An upside-down cake throws a new light on photovoltaics

© PV-LAB, EPFL/SNSF

Do better with less. That is the challenge the researchers from EPFL have set for themselves. Their specialty: manufacturing solar cells that are one thousand times thinner than conventional cells. In order to boost the output of the cells, they have developed a new nanopatterning technique.

Even though silicon is one of the most abundant elements, the energy required to make silicon from sand is immense. It is for this reason, but also to reduce manufacturing costs, that Professor Christophe Ballif and his team from the Photovoltaics and Thin-Film Electronics Laboratory at the EPFL have been working for several years on thin-film silicon solar cells that are a thousand times thinner than conventional cells.

There’s just one catch: the thinner the cells, the less they absorb the rays of the sun and the less electricity they produce. So researchers are trying to trap light in the thin silicon layers to increase their absorption. Traditionally, thin layers of zinc oxide—a material that is very abundant, completely non-toxic, and that grows in the form of small pyramid-shaped crystals—are used for this purpose. These crystals scatter light efficiently into the underlying silicon layer. With such zinc oxide layers, even a new world record cell efficiency was achieved.

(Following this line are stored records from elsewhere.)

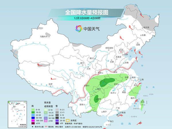 后天,新疆沿天山地区、西藏东南部、内蒙古东北部、川西高原北部、黑龙江中东部等地部分地区有小雪或雨夹雪。江淮大部、江汉、江南北部和西部、西南地区东部、广西西北部等地部分地区有小到中雨。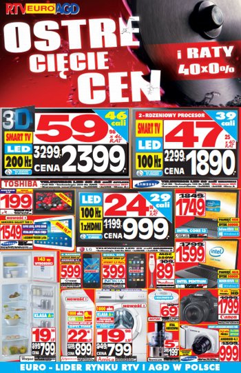 Najnowsza gazetka promocyjna RTV EURO AGD – „Ostre cięcie cen i raty 40×0%”.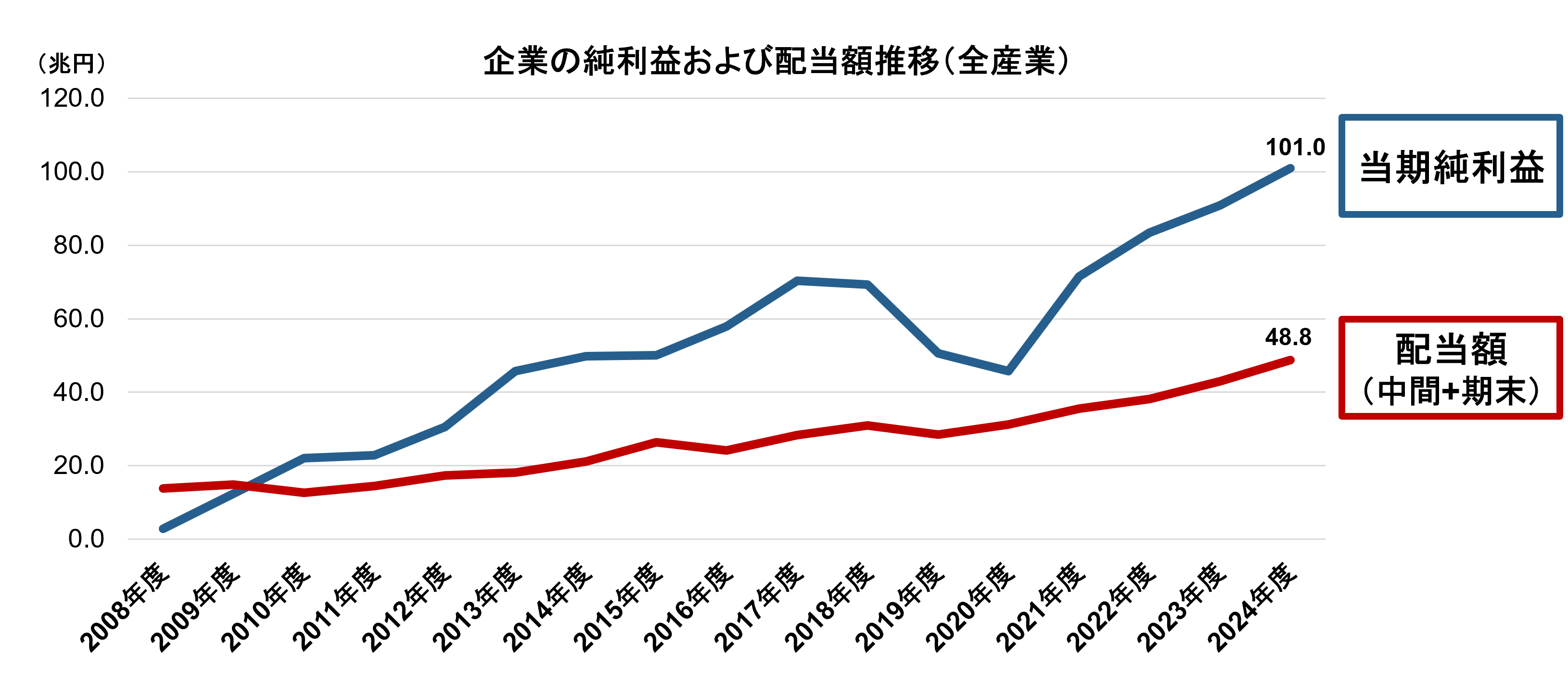 最後に配当です。法人企業統計調査のデータによると企業(全産業)の配当額は右肩上がりに上昇し、2024年度には48.8兆円と過去最高を更新しています(図4)。配当の原資となる純利益も過去最高を更新し、業績回復を背景に配当も増加していることが分かります。

Layers of zinc oxide seen through an electronic microscope, on the left: natural pyramid structure,
on the right: structure when grown on a mould (height of images 5 microns).

Reducing costs
But scientists are attempting to beat this record. “It is difficult to modify the natural pyramidal shape of these crystals in order to obtain even better light scattering,” explains researcher Corsin Battaglia, “so we had the idea to force the crystals to grow on a different support, an inverted mould with the desired structure.” The idea is as ingenious as it is simple. Once the thin layer of zinc oxide is deposited on the mould all that needs to be done is to “demould” it—as you would a tarte tatin, for example—to obtain a film with the desired structure.

This procedure, described in the September edition of , not only increases the amount of light that is trapped, thereby increasing output, but it also has the potential to reduce the cost of the cells because of its compatibility with mass production. These are interesting arguments at a time when photovoltaics is seeking to produce electricity at a lower price than the current grid price.